* **REQUIRED WORK**: Leaving out any pictures, transcribe every record exactly.

* **SUPPLIED MATERIAL**:
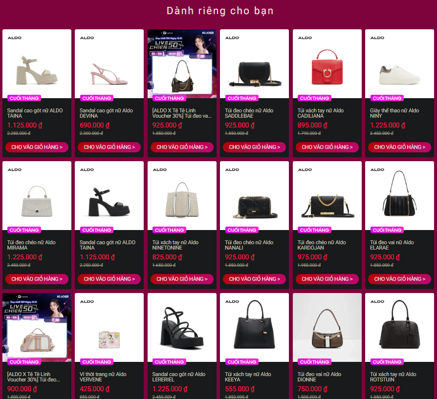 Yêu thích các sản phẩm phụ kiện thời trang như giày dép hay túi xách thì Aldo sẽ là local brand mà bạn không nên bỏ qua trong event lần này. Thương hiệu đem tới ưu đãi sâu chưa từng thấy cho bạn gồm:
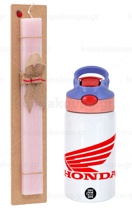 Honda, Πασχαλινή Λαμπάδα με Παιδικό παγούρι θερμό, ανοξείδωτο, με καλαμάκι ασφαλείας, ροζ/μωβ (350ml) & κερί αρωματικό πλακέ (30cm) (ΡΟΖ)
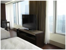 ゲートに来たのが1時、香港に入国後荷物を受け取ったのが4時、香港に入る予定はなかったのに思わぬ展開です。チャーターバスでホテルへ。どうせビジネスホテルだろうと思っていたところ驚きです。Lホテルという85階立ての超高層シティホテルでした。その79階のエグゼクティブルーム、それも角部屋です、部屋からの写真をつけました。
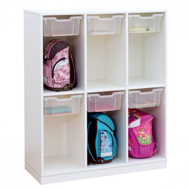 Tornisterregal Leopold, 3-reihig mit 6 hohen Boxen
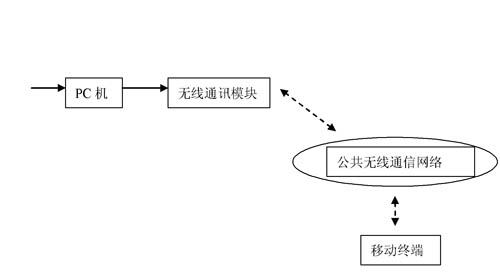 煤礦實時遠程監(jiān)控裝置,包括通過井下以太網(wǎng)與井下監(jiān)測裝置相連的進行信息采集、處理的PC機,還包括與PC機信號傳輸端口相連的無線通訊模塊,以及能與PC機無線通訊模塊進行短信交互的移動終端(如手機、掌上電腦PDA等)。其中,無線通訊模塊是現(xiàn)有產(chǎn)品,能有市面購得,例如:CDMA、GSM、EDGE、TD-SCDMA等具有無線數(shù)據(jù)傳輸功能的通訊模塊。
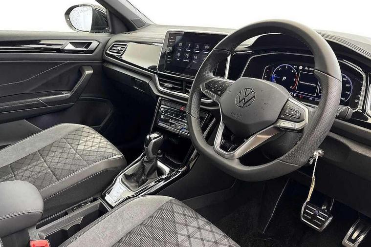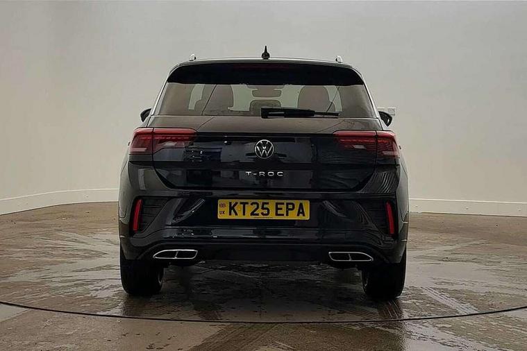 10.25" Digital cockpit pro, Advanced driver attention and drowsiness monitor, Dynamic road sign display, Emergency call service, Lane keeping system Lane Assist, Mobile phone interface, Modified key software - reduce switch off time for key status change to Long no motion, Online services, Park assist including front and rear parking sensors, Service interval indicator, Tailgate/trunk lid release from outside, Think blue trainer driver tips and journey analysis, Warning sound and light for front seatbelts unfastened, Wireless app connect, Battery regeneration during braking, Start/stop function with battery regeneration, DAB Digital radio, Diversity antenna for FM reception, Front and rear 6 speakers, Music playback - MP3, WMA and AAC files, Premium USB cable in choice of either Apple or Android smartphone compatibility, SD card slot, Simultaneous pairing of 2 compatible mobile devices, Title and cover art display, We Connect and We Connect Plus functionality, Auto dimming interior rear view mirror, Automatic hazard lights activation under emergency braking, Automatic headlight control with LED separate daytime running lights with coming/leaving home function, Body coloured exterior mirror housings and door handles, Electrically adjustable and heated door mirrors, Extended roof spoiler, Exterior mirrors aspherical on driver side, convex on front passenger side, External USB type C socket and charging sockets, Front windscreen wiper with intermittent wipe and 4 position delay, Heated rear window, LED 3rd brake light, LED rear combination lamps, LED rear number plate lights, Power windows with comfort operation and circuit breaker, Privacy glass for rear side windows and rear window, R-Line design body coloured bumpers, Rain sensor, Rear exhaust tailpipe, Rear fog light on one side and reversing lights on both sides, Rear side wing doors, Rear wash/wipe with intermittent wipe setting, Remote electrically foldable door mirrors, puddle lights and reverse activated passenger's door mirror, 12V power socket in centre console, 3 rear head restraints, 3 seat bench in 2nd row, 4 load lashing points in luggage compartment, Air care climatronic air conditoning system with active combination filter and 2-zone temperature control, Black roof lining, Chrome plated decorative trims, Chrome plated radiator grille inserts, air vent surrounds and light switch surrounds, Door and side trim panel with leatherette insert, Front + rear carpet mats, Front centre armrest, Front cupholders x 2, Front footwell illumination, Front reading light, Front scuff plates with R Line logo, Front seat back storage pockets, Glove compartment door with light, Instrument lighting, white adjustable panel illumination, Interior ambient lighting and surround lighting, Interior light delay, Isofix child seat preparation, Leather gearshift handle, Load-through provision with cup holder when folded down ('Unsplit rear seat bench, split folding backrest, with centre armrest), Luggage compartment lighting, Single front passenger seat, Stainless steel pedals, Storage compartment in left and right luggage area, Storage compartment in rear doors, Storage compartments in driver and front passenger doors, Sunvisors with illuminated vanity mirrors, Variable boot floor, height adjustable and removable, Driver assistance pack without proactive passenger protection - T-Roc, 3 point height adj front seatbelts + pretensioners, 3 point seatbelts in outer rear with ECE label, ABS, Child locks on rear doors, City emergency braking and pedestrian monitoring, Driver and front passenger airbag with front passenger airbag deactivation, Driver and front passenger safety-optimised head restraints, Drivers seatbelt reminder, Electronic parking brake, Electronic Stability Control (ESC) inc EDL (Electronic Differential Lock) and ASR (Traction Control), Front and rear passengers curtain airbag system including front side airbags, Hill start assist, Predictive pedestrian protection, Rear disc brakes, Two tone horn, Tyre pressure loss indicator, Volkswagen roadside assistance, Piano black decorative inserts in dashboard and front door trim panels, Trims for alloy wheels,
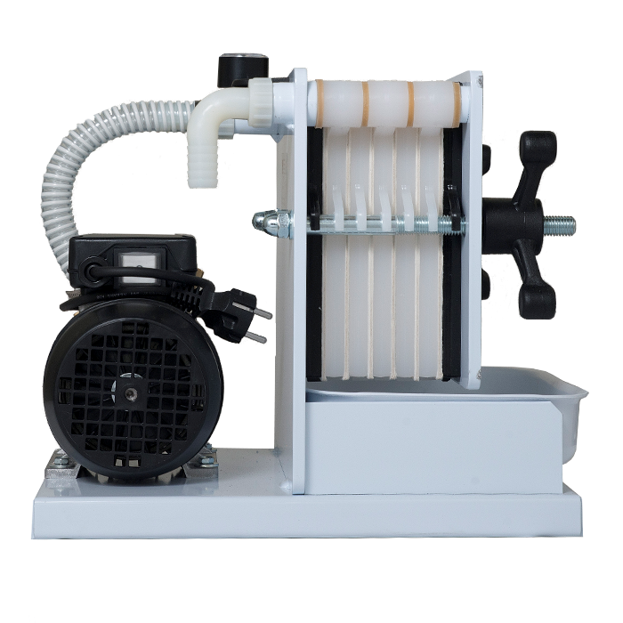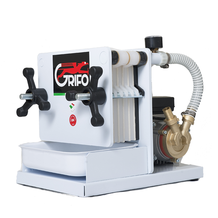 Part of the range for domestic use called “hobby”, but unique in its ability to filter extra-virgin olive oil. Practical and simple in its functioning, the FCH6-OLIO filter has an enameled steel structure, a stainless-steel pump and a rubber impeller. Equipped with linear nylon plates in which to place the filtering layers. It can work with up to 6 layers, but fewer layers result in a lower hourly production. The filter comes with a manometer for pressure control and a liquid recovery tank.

* **EXERCISE SOLUTION**:
 Yêu thích các sản phẩm phụ kiện thời trang như giày dép hay túi xách thì Aldo sẽ là local brand mà bạn không nên bỏ qua trong event lần này. Thương hiệu đem tới ưu đãi sâu chưa từng thấy cho bạn gồm:
 Honda, Πασχαλινή Λαμπάδα με Παιδικό παγούρι θερμό, ανοξείδωτο, με καλαμάκι ασφαλείας, ροζ/μωβ (350ml) & κερί αρωματικό πλακέ (30cm) (ΡΟΖ)
 ゲートに来たのが1時、香港に入国後荷物を受け取ったのが4時、香港に入る予定はなかったのに思わぬ展開です。チャーターバスでホテルへ。どうせビジネスホテルだろうと思っていたところ驚きです。Lホテルという85階立ての超高層シティホテルでした。その79階のエグゼクティブルーム、それも角部屋です、部屋からの写真をつけました。
 Tornisterregal Leopold, 3-reihig mit 6 hohen Boxen
 煤礦實時遠程監(jiān)控裝置,包括通過井下以太網(wǎng)與井下監(jiān)測裝置相連的進行信息采集、處理的PC機,還包括與PC機信號傳輸端口相連的無線通訊模塊,以及能與PC機無線通訊模塊進行短信交互的移動終端(如手機、掌上電腦PDA等)。其中,無線通訊模塊是現(xiàn)有產(chǎn)品,能有市面購得,例如:CDMA、GSM、EDGE、TD-SCDMA等具有無線數(shù)據(jù)傳輸功能的通訊模塊。
 10.25" Digital cockpit pro, Advanced driver attention and drowsiness monitor, Dynamic road sign display, Emergency call service, Lane keeping system Lane Assist, Mobile phone interface, Modified key software - reduce switch off time for key status change to Long no motion, Online services, Park assist including front and rear parking sensors, Service interval indicator, Tailgate/trunk lid release from outside, Think blue trainer driver tips and journey analysis, Warning sound and light for front seatbelts unfastened, Wireless app connect, Battery regeneration during braking, Start/stop function with battery regeneration, DAB Digital radio, Diversity antenna for FM reception, Front and rear 6 speakers, Music playback - MP3, WMA and AAC files, Premium USB cable in choice of either Apple or Android smartphone compatibility, SD card slot, Simultaneous pairing of 2 compatible mobile devices, Title and cover art display, We Connect and We Connect Plus functionality, Auto dimming interior rear view mirror, Automatic hazard lights activation under emergency braking, Automatic headlight control with LED separate daytime running lights with coming/leaving home function, Body coloured exterior mirror housings and door handles, Electrically adjustable and heated door mirrors, Extended roof spoiler, Exterior mirrors aspherical on driver side, convex on front passenger side, External USB type C socket and charging sockets, Front windscreen wiper with intermittent wipe and 4 position delay, Heated rear window, LED 3rd brake light, LED rear combination lamps, LED rear number plate lights, Power windows with comfort operation and circuit breaker, Privacy glass for rear side windows and rear window, R-Line design body coloured bumpers, Rain sensor, Rear exhaust tailpipe, Rear fog light on one side and reversing lights on both sides, Rear side wing doors, Rear wash/wipe with intermittent wipe setting, Remote electrically foldable door mirrors, puddle lights and reverse activated passenger's door mirror, 12V power socket in centre console, 3 rear head restraints, 3 seat bench in 2nd row, 4 load lashing points in luggage compartment, Air care climatronic air conditoning system with active combination filter and 2-zone temperature control, Black roof lining, Chrome plated decorative trims, Chrome plated radiator grille inserts, air vent surrounds and light switch surrounds, Door and side trim panel with leatherette insert, Front + rear carpet mats, Front centre armrest, Front cupholders x 2, Front footwell illumination, Front reading light, Front scuff plates with R Line logo, Front seat back storage pockets, Glove compartment door with light, Instrument lighting, white adjustable panel illumination, Interior ambient lighting and surround lighting, Interior light delay, Isofix child seat preparation, Leather gearshift handle, Load-through provision with cup holder when folded down ('Unsplit rear seat bench, split folding backrest, with centre armrest), Luggage compartment lighting, Single front passenger seat, Stainless steel pedals, Storage compartment in left and right luggage area, Storage compartment in rear doors, Storage compartments in driver and front passenger doors, Sunvisors with illuminated vanity mirrors, Variable boot floor, height adjustable and removable, Driver assistance pack without proactive passenger protection - T-Roc, 3 point height adj front seatbelts + pretensioners, 3 point seatbelts in outer rear with ECE label, ABS, Child locks on rear doors, City emergency braking and pedestrian monitoring, Driver and front passenger airbag with front passenger airbag deactivation, Driver and front passenger safety-optimised head restraints, Drivers seatbelt reminder, Electronic parking brake, Electronic Stability Control (ESC) inc EDL (Electronic Differential Lock) and ASR (Traction Control), Front and rear passengers curtain airbag system including front side airbags, Hill start assist, Predictive pedestrian protection, Rear disc brakes, Two tone horn, Tyre pressure loss indicator, Volkswagen roadside assistance, Piano black decorative inserts in dashboard and front door trim panels, Trims for alloy wheels,
 Part of the range for domestic use called “hobby”, but unique in its ability to filter extra-virgin olive oil. Practical and simple in its functioning, the FCH6-OLIO filter has an enameled steel structure, a stainless-steel pump and a rubber impeller. Equipped with linear nylon plates in which to place the filtering layers. It can work with up to 6 layers, but fewer layers result in a lower hourly production. The filter comes with a manometer for pressure control and a liquid recovery tank.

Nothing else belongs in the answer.